I have this data check integrity code for an oncology study I'm working on. This is ostensibly to confirm TU,TR and RS are consistent.
proc sql ;
create table tu_tr_rs as
select tu.*,tr.*,rs.*
from trans.tu as tu
left join trans.tr as tr on tu.usubjid=tr.usubjid and tu.TULNKID
=tr.TRLNKID and tu.tudtc=tr.trdtc
left join trans.rs as rs on tr.usubjid=rs.usubjid and tr.trdtc=
rs.rsdtc
;
quit;
However, when I run this code I get the warning
"Variable XXXX already exists on file WORK.TU_TR_RS."
When I add the feedback option to PROC SQL to get a more granular look I get this
So I know if it's one variable that brings this warning up you can use a rename/DROP combination to work around it but for this case is it just the case that I have to explicitly state the variables for each dataset in the select statement or is there something fundamentally wrong with the code?

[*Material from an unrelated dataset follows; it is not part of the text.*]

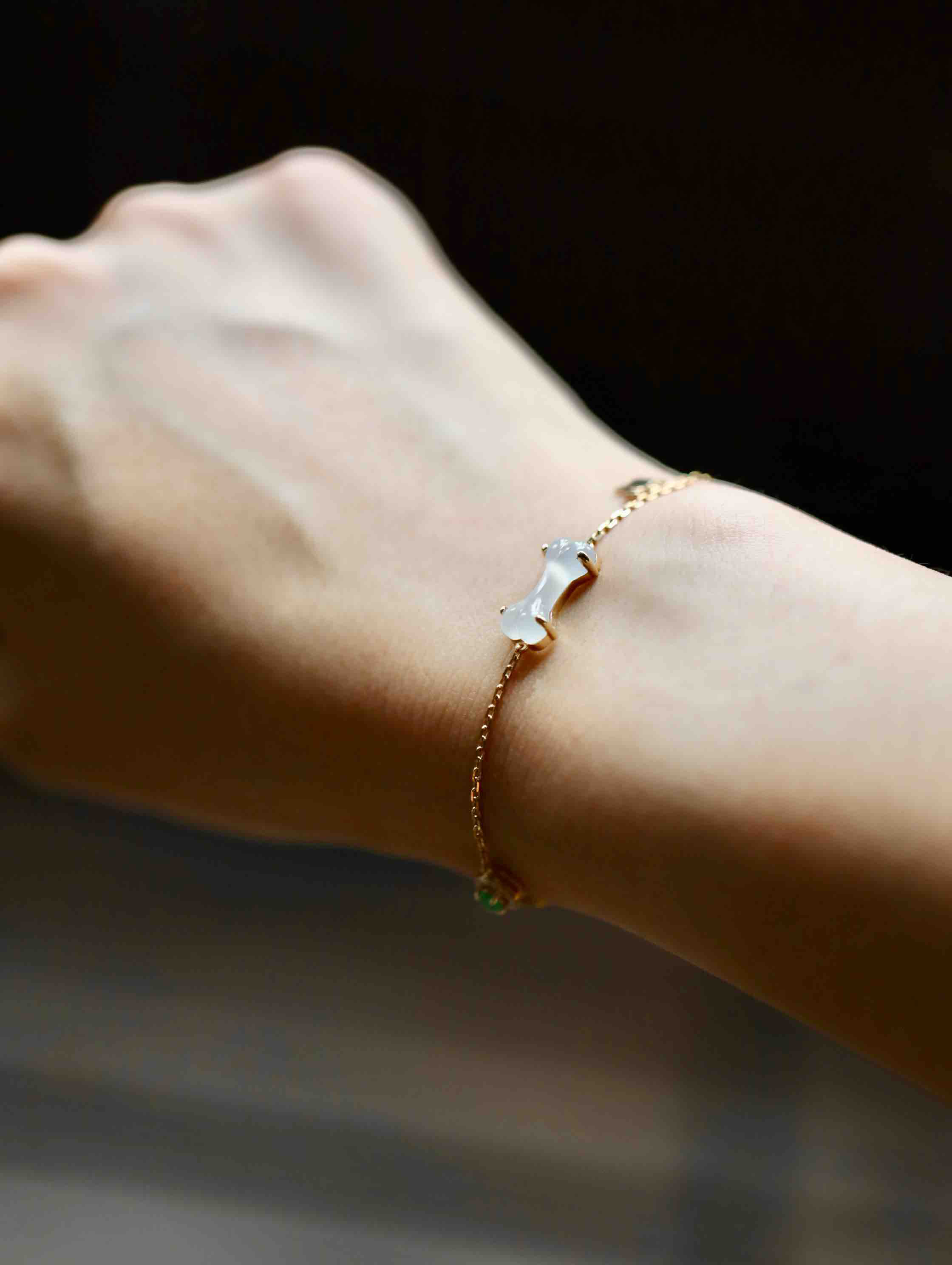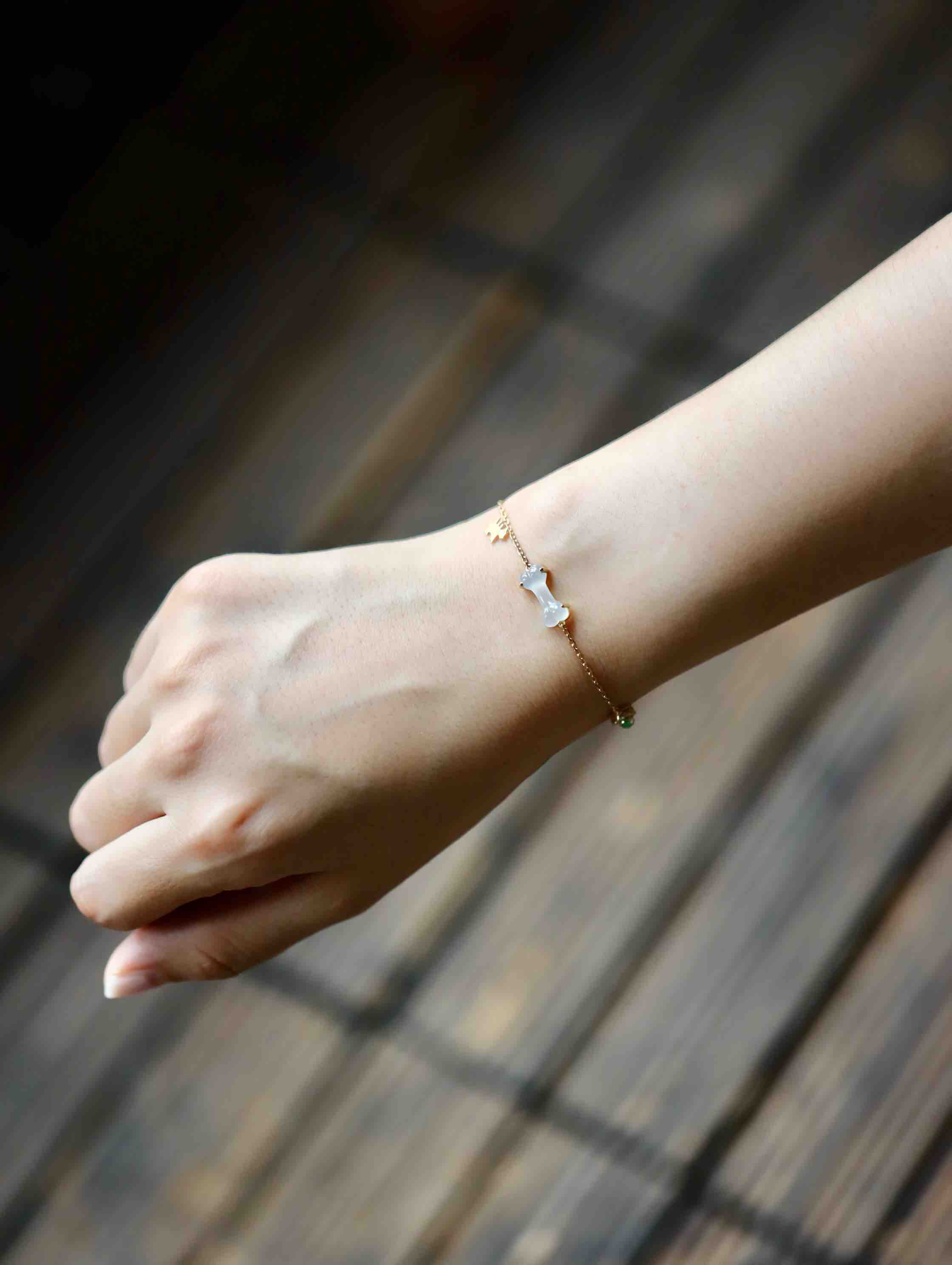 狗狗题材的作品,不多见,为属狗和爱狗人士准备,冰种翡翠手工精雕的骨头棒实在太萌了,种水晶莹剔透,尺寸厚实立体,18k黄金钻石镶嵌,一个狗狗小牌,和骨头棒交相呼应,搭配阳绿翡翠蛋面和大颗钻石画龙点睛,翡翠14.4×7.3×3.5mm,链长15cm加2.5cm,不同手腕尺寸都可以戴
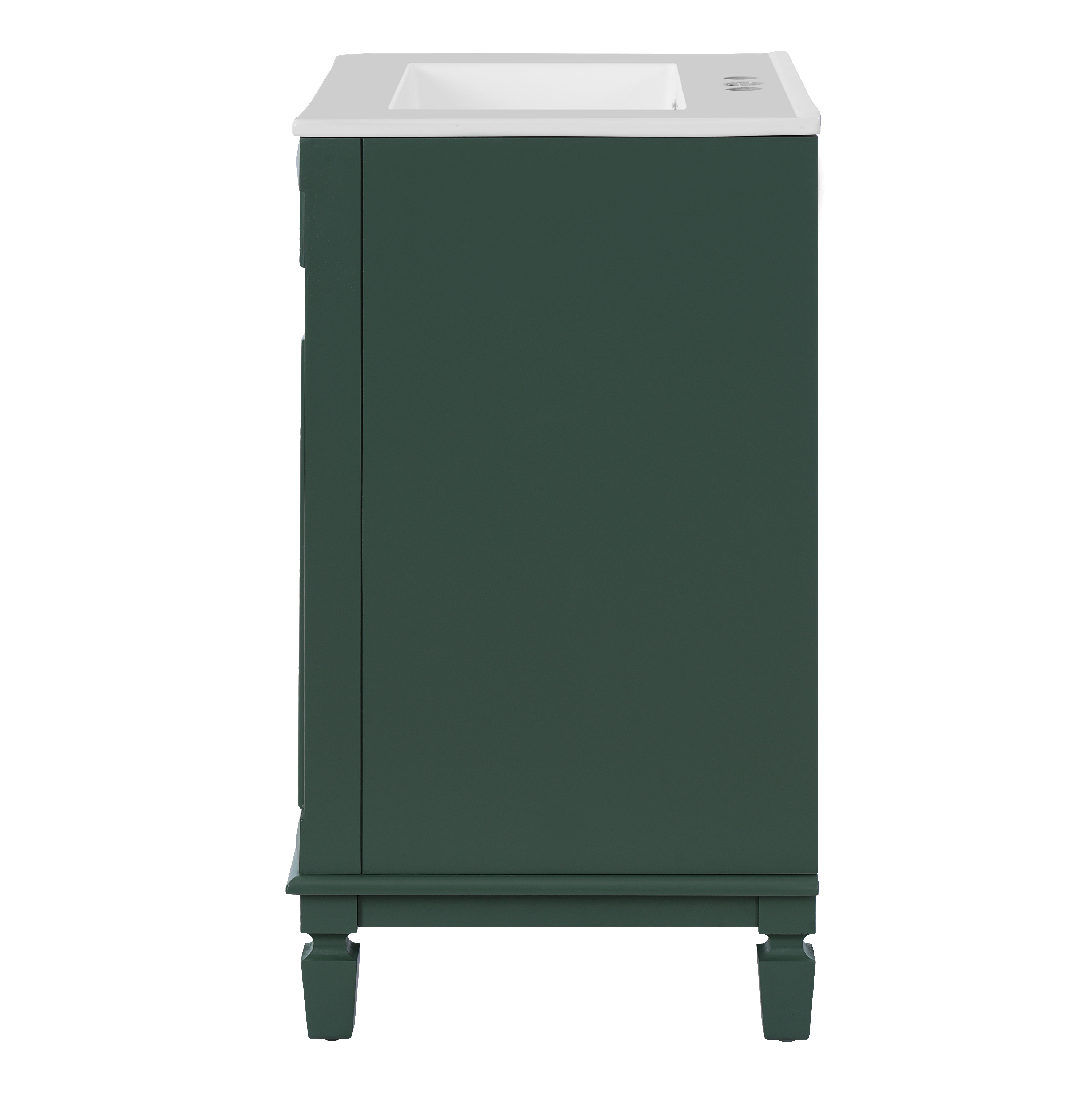 This 24-inch ceramic basin bathroom vanity is a perfect blend of modern simplicity and practicality. Made of high-quality MDF and solid wood frame, it is durable and elegant. The smooth surface of the ceramic basin is not only easy to clean, but also adds a sense of fashion to the bathroom. The cabinet is compact and equipped with two exquisite cabinet doors, providing ample storage space to help you organize bathroom supplies and keep the space neat and tidy. Whether it is a modern or minimalist style bathroom, this bathroom cabinet can become a highlight in your home, enhancing the overall quality and comfort.

Yes, if you want to select columns with the same name from 2 (or more) data sets, you simply need to select them explicitly and give them distinct names. Something like this:
create table tu_tr_rs as
select
tu.ColA as tu_ColA
,tu.ColB as tu_ColB
/* etc */
,tr.ColA as tr_ColA
,tr.ColB as tr_ColB
/* etc */
,rs.ColA as rs_ColA
,rs.ColB as rs_ColB
/* etc */
from trans.tu as tu
/* etc */